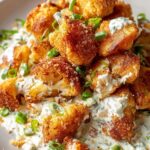 This Crispy Smashed Potato Salad combines tender baby potatoes roasted to golden perfection and topped with a creamy herbed yogurt dressing featuring Greek yogurt, mayonnaise, Dijon mustard, lemon, garlic, and fresh herbs. The potatoes are boiled until just tender, smashed, brushed with olive oil, and oven-roasted until crispy. Garnished with scallions and crunchy potato bits, this dish serves as a delicious warm side salad with a perfect balance of creaminess and texture.
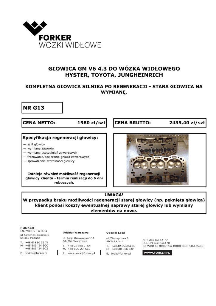 GŁOWICA GM V6 4.3 DO WÓZKA WIDŁOWEGO HYSTER, TOYOTA, JUNGHEINRICH KOMPLETNA GŁOWICA SILNIKA PO REGENERACJI - STARA GŁOWICA NA WYMIANĘ. NR G13 CENA NETTO: 1980 zł/szt CENA BRUTTO: 2435,40 zł/szt Specyfikacja regeneracji głowicy: ----------- szlif głowicy wymiana zaworów wymiana uszczelnień zaworowych frezowanie/docieranie gniazd zaworowych sprawdzenie szczelności głowicy Istnieje również możliwość regeneracji głowicy klienta - termin realizacji do 6 dni roboczych. UWAGA! W przypadku braku możliwości regeneracji starej głowicy (np. pęknięta głowica) klient ponosi koszty ewentualnej naprawy starej głowicy lub wymiany elementów na nowe.
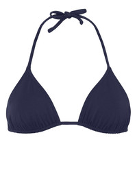 Mouna triangle bikini top Highlights - Navy blue - Triangle cup - Halterneck tie fastening - Rear tie fastening - Be mindful to try on swimwear over your own garments. Made in France Composition Polyamide 84%, Spandex/Elastane 16% SIZE & FIT FittingInformation This piece fits small – take one size up
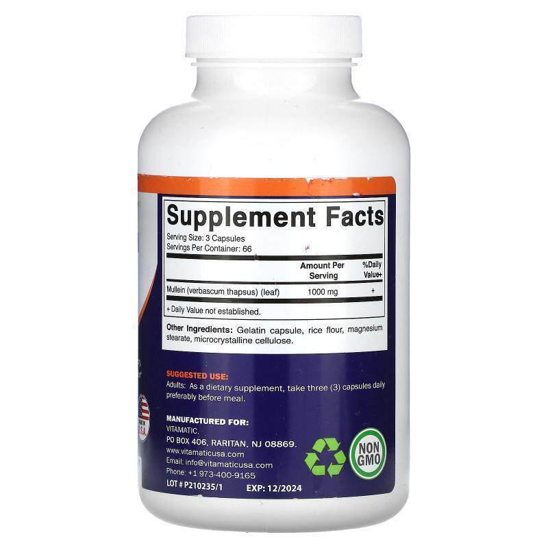 📚 Vitamatic,Mullein Leaf, 333 mg, 200 Capsules
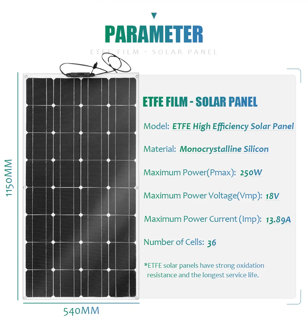 Солнечные панели ETFE обладают высокой стойкостью к окислению и долгим сроком службы. Когда люди делают это, цена относительно высокая. Если вы хотите поставить солнечные панели на море или в некоторых местах с сильным соляным туманом, мы предлагаем вам выбрать монокристаллические солнечные панели ETFE.
□ □ □ □
Return verbatim every line from the line containing "mg, 200 Capsules" to the last line of the entries above, inclusive, and leave out the pictures.

**ANSWER:**
 📚 Vitamatic,Mullein Leaf, 333 mg, 200 Capsules
 Солнечные панели ETFE обладают высокой стойкостью к окислению и долгим сроком службы. Когда люди делают это, цена относительно высокая. Если вы хотите поставить солнечные панели на море или в некоторых местах с сильным соляным туманом, мы предлагаем вам выбрать монокристаллические солнечные панели ETFE.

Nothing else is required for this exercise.